Brief: Reproduce exactly the lines of the material beneath, from the line that contains "Francis Poulenc, Dan-Olof" to the line that contains "encitech 6355-8045-03 Zestaw", both included, and no other lines.

Dataset entries:
+ + +
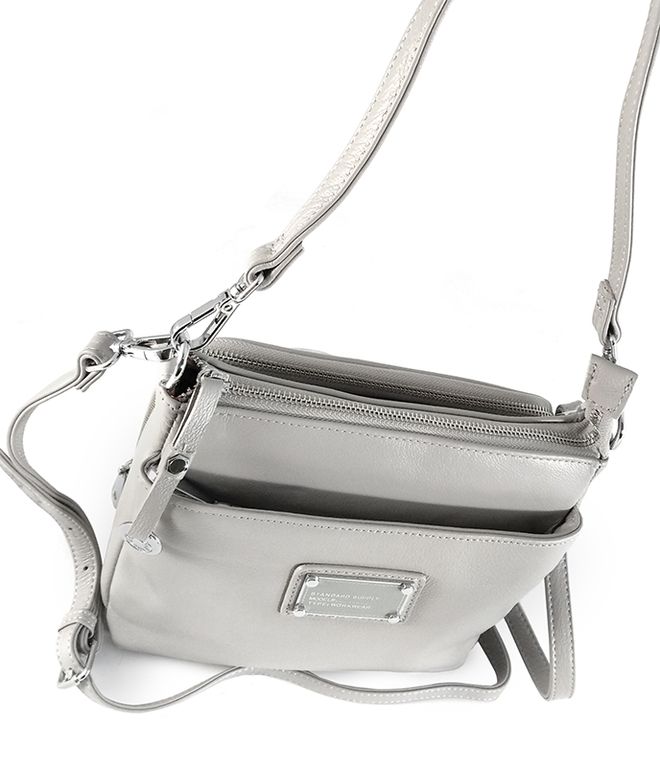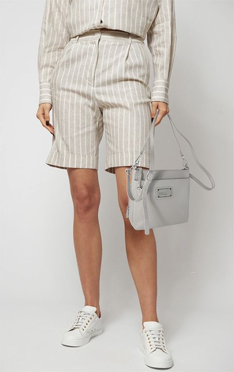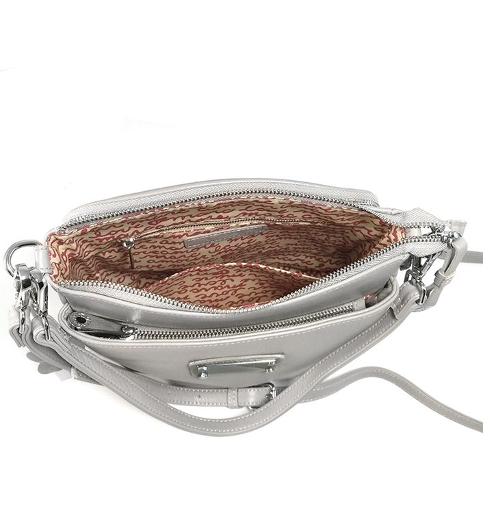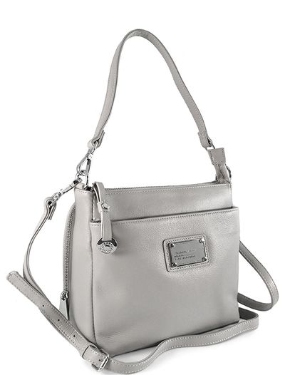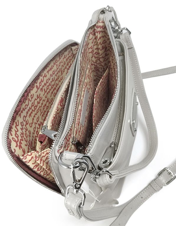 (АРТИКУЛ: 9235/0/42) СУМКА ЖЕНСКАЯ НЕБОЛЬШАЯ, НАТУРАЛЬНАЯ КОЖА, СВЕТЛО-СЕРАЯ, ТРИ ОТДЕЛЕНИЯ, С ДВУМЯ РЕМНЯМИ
+ + +
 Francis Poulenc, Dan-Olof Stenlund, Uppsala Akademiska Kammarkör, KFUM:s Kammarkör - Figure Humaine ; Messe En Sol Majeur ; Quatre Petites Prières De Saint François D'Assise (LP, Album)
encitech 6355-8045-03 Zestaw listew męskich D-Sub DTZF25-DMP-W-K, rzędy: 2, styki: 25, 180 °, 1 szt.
+ + +
Answer section:
 Francis Poulenc, Dan-Olof Stenlund, Uppsala Akademiska Kammarkör, KFUM:s Kammarkör - Figure Humaine ; Messe En Sol Majeur ; Quatre Petites Prières De Saint François D'Assise (LP, Album)
encitech 6355-8045-03 Zestaw listew męskich D-Sub DTZF25-DMP-W-K, rzędy: 2, styki: 25, 180 °, 1 szt.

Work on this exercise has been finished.